Il desiderio di Giulio di ritrarre i suoi amici e le loro relazioni mi ha ricordato subito un altro libro che in questi anni ha descritto alla perfezione le dinamiche difficili di un gruppo di amici e la loro evoluzione: A Little Life di Hanya Yanagihara, in Italia Una vita come tante con Sellerio. Anche JB ritrae gli altri ed espone le opere in una mostra, ma Giulio e JB hanno soprattutto in comune la capacità di catturare lo sguardo intimo dei loro amati, di cogliere la loro vera natura e riprodurla sulla tela – e di viverlo non come un talento ma quasi come una benedizione.

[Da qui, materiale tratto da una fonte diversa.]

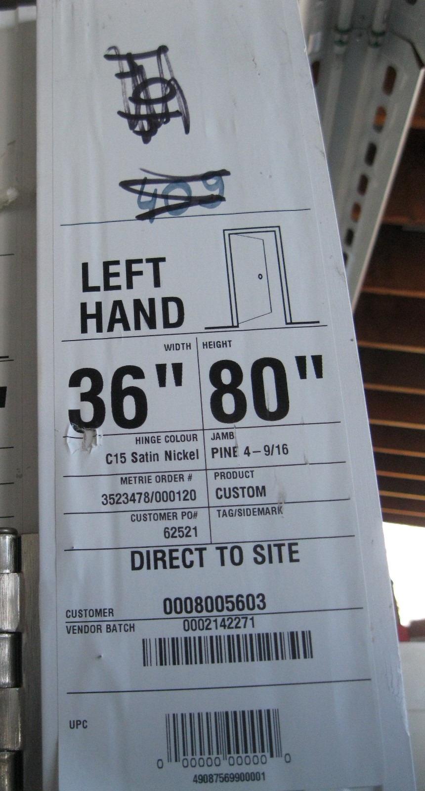 Lot 1126 36" X 80" LEFT HAND INTERIOR DOOR W/FRAME
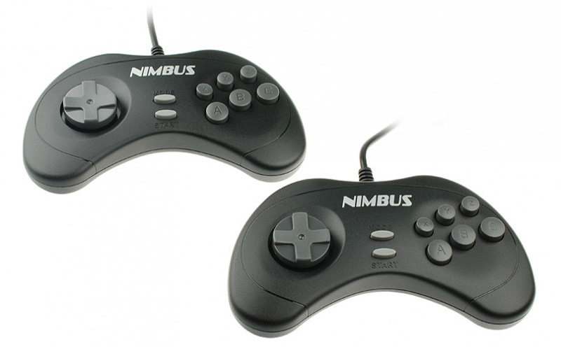 Специально для использования с NIMBUS SMART разработан новый игровой джойстик c полным функционалом. Цвет джойстика традиционно черный, кнопки действий и крестик серые, с плавным ходом, усиленная конструкция, кнопки START и MODE выполнены из прорезиненного материала. В качестве материала для корпуса использован ударопрочный пластик ABS.
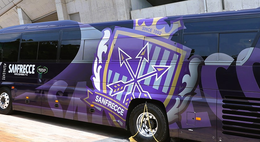 サンフレッチェ広島では選手移動用バスで生物資源由来の次世代バイオ燃料を使用しています。
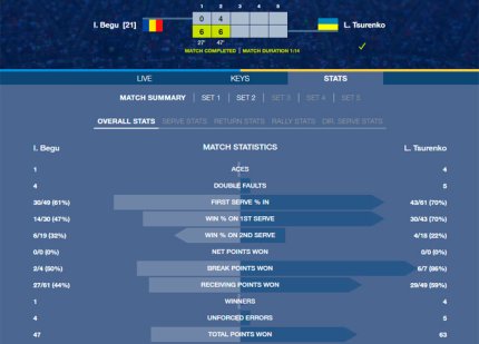 Статистика матча Бегу - Цуренко
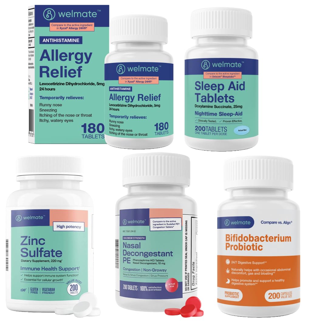 WELMATE Complete Allergy & Wellness Kit: Generic Xyzal Levocetirizine 5mg (24hr Support) Phenylephrine HCl Nasal Decongestant Doxylamine Sleep Aid Bifidobacterium Probiotic & Zinc Sulfate

Il vero alterego letterario di questa relazione, però, lo si intuisce molto, molto presto nella lettura e quando fa effettivamente la sua entrata in scena a pagina 299 proviamo anche una certa soddisfazione. È Jules et Jim, che prima Giulia, Guido e Jerry (Emiliano, hai scelto apposta i nomi per rimandare al libro di Roché? Lo voglio sapere) vedono come film e che poi si regalano in formato romanzo. Come per Jules e Jim, non c’è tensione tra le figure maschili ma benevolenza e un rincorrersi, un cercarsi tra le braccia di un terzo.

Una cosa che invece mi ha sorpresa è il fatto che, nonostante i gruppi e i cantanti scelti da Emiliano Dominici siano iconicamente maschili, almeno nella prima metà del romanzo il legame esplicito con la musica sia prettamente femminile: è Antonella che canta in ogni momento della giornata, è Alberta che vive i concerti come un’esperienza quasi mistica (grazie anche all’aiuto di qualche droga), è Giulia che ama Battiato sin da giovanissima. Se quindi Guido fa un uso della musica molto maschile (voglio intitolare la mia mostra come una canzone dei Nirvana), le donne la usano per tirare avanti, per non essere sommerse, ne fanno un uso quotidiano e solido.

Non voglio però trarvi in inganno: in certi punti profondamente triste, Gli anni incerti è anche estremamente godurioso. Emiliano Dominici ha un senso del riso a denti stretti che conquista subito, come quando la famiglia di Guido deve scegliere un nome per il coniglio (e Vittorio ragiona: «È brutto? È cattivo? Mangia tutto? Allora lo chiamiamo Capitalismo») o viene raccontata la punizione di suor Emma.

«Allora, come sta andando la scuola?» domanda Egisto.
«Suor Emma è cattiva».
«Come, è cattiva? Casomai severa».
«Ieri ha dato uno schiaffo a un bimbo».
«Esagerato, uno schiaffo! E perché?»
«Perché lui ha scritto sul banco ‘abbasso le suore’, e l’ha scritto
con una esse sola, sicché suor Emma gli ha dato uno schiaffo».

Emiliano Dominici, Gli anni incerti. Canzone di fine millennio, Effequ

D’altronde il tre è equilibrio e Dominici, in questa narrazione, ce lo dimostra bene.